Le 14 juin 2024, la Cour d’État a finalement levé l’immunité de Bazoum Mohamed, ouvrant ainsi le boulevard conduisant à son procès. Un boulevard ? Rien n’est moins sûr. Certains observateurs parlent plutôt de chemin escarpé, c’est-à-dire raide et difficile d’accès. Poursuivi pour haute trahison, Bazoum Mohamed, avec les multiples chefs d’accusation avancés contre lui, ne peut échapper à une condamnation lourde s’il est jugé. Connexions avec l’étranger, mettant en péril des intérêts du Niger, connexions avec les groupes terroristes, etc., les charges, tout autant que les preuves dont dispose l’État du Niger, ne lui laissent aucune chance. Pour mémoire, Bazoum Mohamed lui-même a révélé, en février 2022, que pour la paix, il a fait libérer des chefs terroristes qu’il a immédiatement reçus au Palais. Une déclaration fracassante qui a fait l’effet d’une bombe au sein de l’opinion nationale, depuis longtemps convaincue que la propagation du terrorisme est due à l’existence de réseaux de connivences insoupçonnés au sommet de l’État. De nombreux témoignages de citoyens dépouillés de leurs bétails enlevés, de leurs greniers brûlés et chassés de leurs terroirs, rendent comptent de l’extraordinaire facilité avec laquelle les terroristes opèrent.
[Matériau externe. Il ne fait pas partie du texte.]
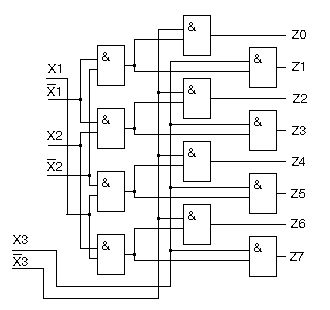 В зависимости от количества разрядов входного числа и от количества входов элементов, на которых построен дешифратор. Дешифраторы могут быть линейные, у которых все переменные Х1, Х2, Х3 подаются на вход одновременно.

« Ce procès contre Bazoum Mohamed est une boîte de pandore », confie un observateur. Pour vrai, ce procès est celui du régime de la 7e République, Bazoum Mohamed n’étant qu’un des acteurs qui ont ruiné le Niger. C’est d’ailleurs la raison pour laquelle nombre de Nigériens estiment que ce procès n’aura jamais lieu. Est-il possible de juger Bazoum Mohamed en ignorant royalement qu’Issoufou Mahamadou est l’alpha et l’oméga de ce qui est reproché à son poulain ? Que ce soit sur la question du terrorisme ou de la prédation des deniers publics, pour ne pas parler des connexions avec l’étranger pour gruger le Niger, Issoufou Mahamadou est perçu par les Nigériens comme le champion. C’est pourquoi, bien loin d’être des partisans de Bazoum Mohamed, les Nigériens sont toutefois peu enthousiastes de savoir que l’immunité du président déchu est levée. La perspective ne les enchante pas tellement, l’affaire laissant un arrière-goût amer d’une justice à double vitesse. La justice nigérienne va faire passer, selon toute probabilité, Bazoum Mohamed à la barre alors qu’Issoufou Mahamadou est libre, tranquille et serein.
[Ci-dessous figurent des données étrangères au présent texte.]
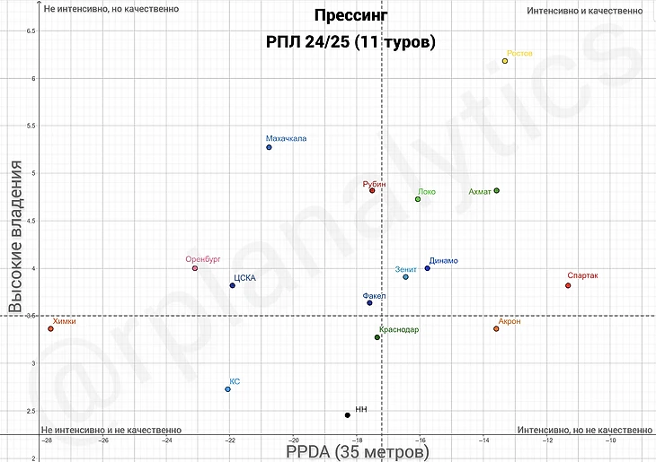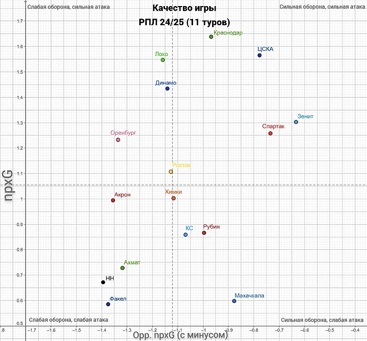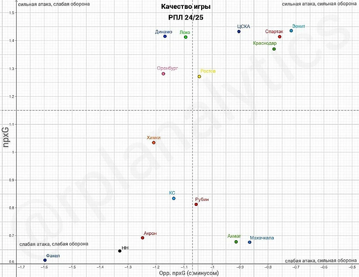 «Ахмат» и «Махачкала» ожидаемо регрессировали к среднему по своим причинам (Ташуев намного смелее Адиева), а «Пари НН» на дне увеличил отрыв от остальных: Илич в последних матчах пытался строить розыгрыши без выносов на чужую половину, но получалось ужасно.

Comment se fera ce procès ? Sera-t-il ouvert à tous ceux qui désirent le suivre ou fermé à un public trié sur le volet ? Sans aller vite en besogne, il est utile de rappeler que les conseils de Bazoum Mohamed ont souhaité rencontrer leur client et échanger avec lui, un droit absolu qu’on ne saurait leur refuser, ont-ils déclaré. Ils n’ont pas obtenu ce droit, d’où leur retrait de la procédure. Va-t-on alors laisser Bazoum lui-même, connu pour être prolixe, parler lors de son procès ? La question vaut son pesant d’or. Selon de nombreux observateurs, Issoufou Mahamadou serait nécessairement éclaboussé. D’où le scepticisme de certains d’entre eux qui estiment que ce procès n’aurait jamais lieu.